The sky was black on the horizon with oncoming rain, and with every step north, the world seemed to darken. Giselle dreaded the thought of going into Scotland with its hardness and violence. Even here in Northumberland, the land and the people they passed bore the signs of struggle and severe deprivation. Giselle had heard of wet winters, year on year, causing crops to rot in the fields, and poor harvests leading to starvation, while livestock became weak with disease and dropped in the fields. The constant raiding from Scotland made the North’s suffering so much worse, and King Edward, safe at his court in London, paid little heed to the fate of peasants so far out of sight and out of mind.
A cruel voice snapped her out of her thoughts.
‘You look miserable, Giselle. Did Buchanan take his fill of you last night? Was his blood up from the beating he gave me? Did he make you plead, and cry?’
Banan MacGregor brought his horse in close, and Giselle shrank away from him and clutched her reins hard. His face was swollen and twisted, like a gargoyle meant to frighten children, and it was still bloody from his beating.

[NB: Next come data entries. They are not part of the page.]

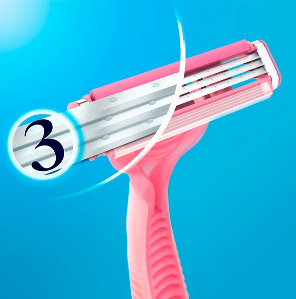 Жіноча одноразова бритва Gillette Simply Venus 3 забезпечена трьома лезами для ще більш гладкого гоління з меншою кількістю порізів і подряпин (порівняно з Simply Venus 2). Крім того, зволожувальна смужка MoistureRich забезпечує краще ковзання, а захисні мікропластини допомагають скоротити кількість порізів і подряпин.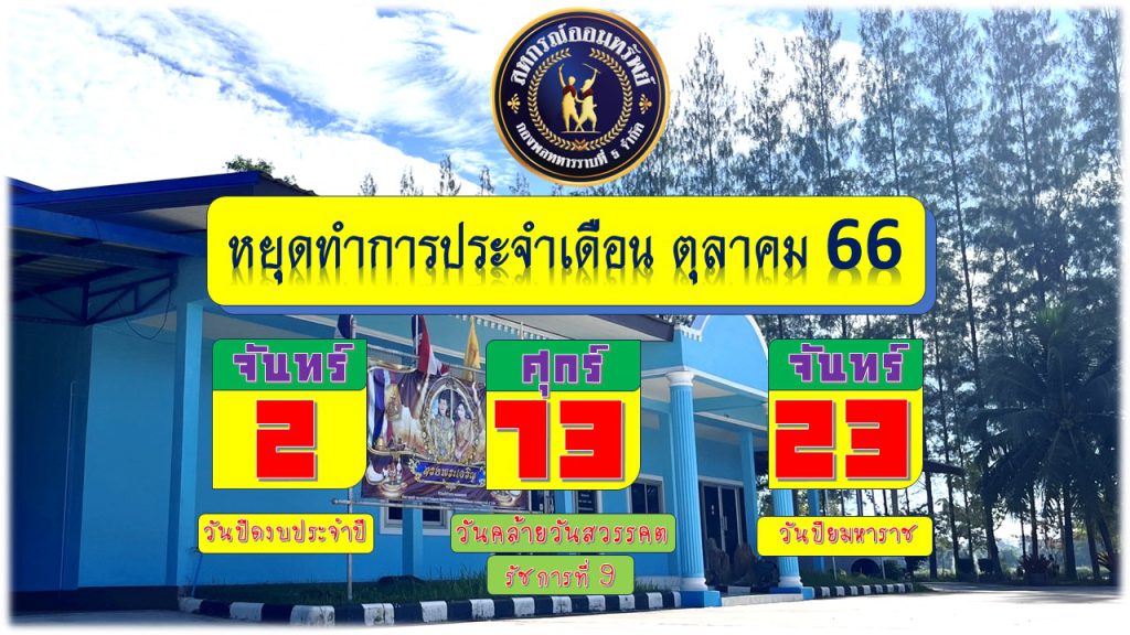 ด้วย สหกรณ์ออมทรัพย์กองพลทหารราบที่ 5 จำกัด ขอแจ้งให้ทราบวันหยุด ประจำเดือน ตุลาคม 2566 เพื่อความสะดวกในการเข้ามาติดต่อกับทาง…
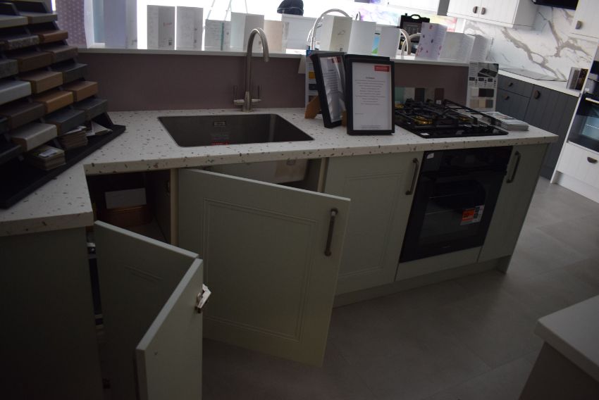 *L-Shape Kitchen Display 94x296cm in Pistachio Green with Simulated Granite Worktop, Including Franke Stainless Steel Sink, Franke Brushed Stainless Steel Swanneck Tap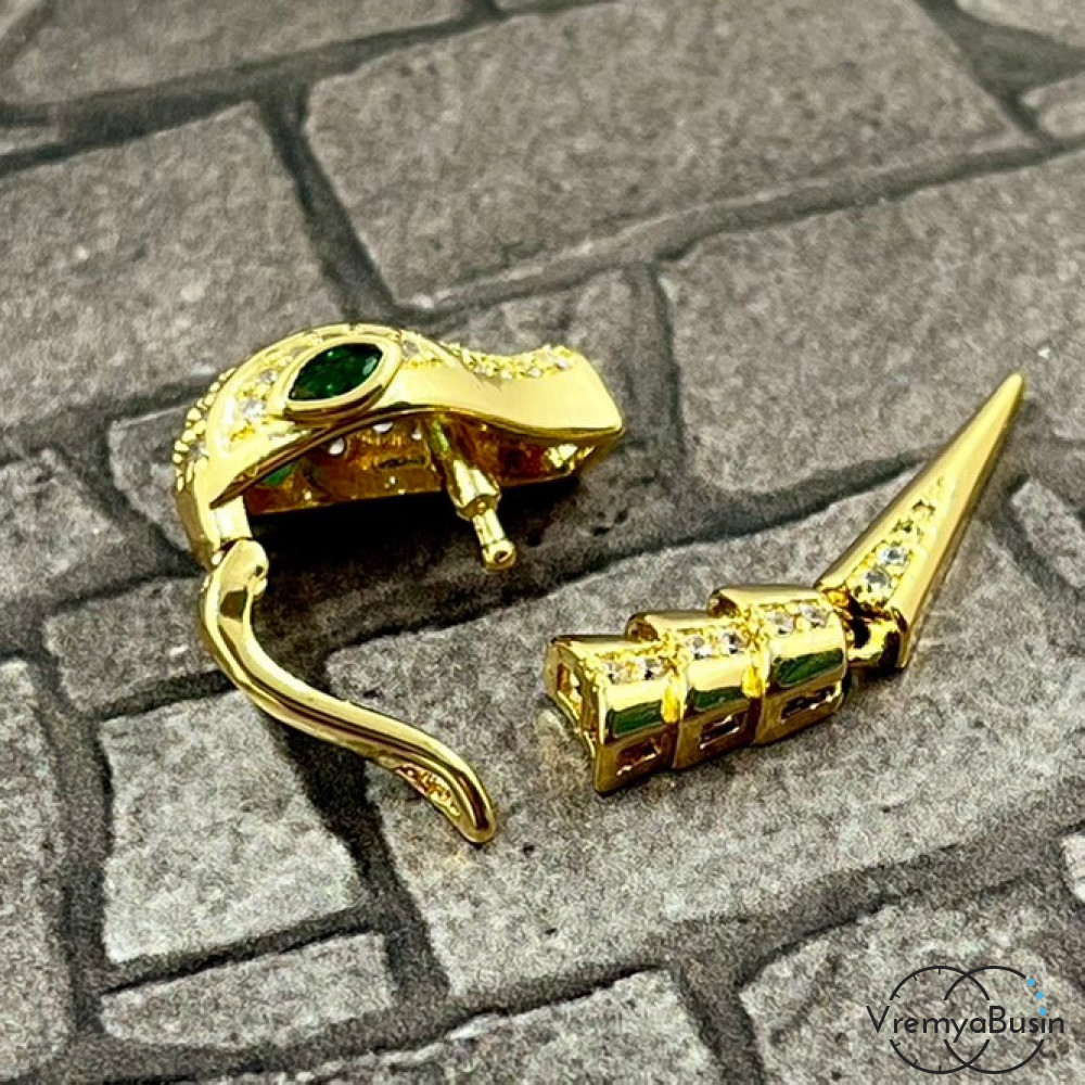 Замок-зажим "Змея", 16х10 + 25х5 мм, латунь с позолотой и фианитами (1 шт.)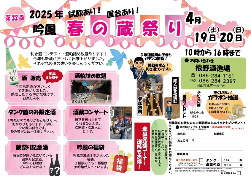 備中足守の地で江戸時代から変わらぬ佇まいの酒蔵「板野酒造場」にて、春の蔵祭りが開催されます。今年の「しぼりたて吟風」が飲めるほか、酒蔵の珍味、粕漬けや酒粕ピーナッツ、屋台コーナーなどの企画が盛り沢山です。

‘Tis nothing compared to what I will do when I get my hands on you,’ he continued. ‘Trust me, sooner or later, when Buchanan has tired of making you his whore, you and I will get to know each other a lot better. It excites me to think on it, to anticipate how I will bring you to heel.’ He looked her up and down and smiled bitterly. ‘You think Buchanan is your protector, but he is no different to me, he has the same uses for women as I do, he just takes them with a smile and pretty words.’
Giselle’s face burned as he stared at her intensely, hate and lust battling across his features. Banan made her blood run cold, and the heavy heat of the day turned chill. Her lungs would not fill, and her hands started shaking. She kept her eyes fixed on Lyall’s back, willing him to turn around.
‘You should not have rejected me, English. If you’ve no mind to wed that hapless wretch, Edric de Mawpas, I could offer you a place. I don’t keep women long, but you, well, you are a rare beauty. You would grace my hall well, as my mistress, lass.’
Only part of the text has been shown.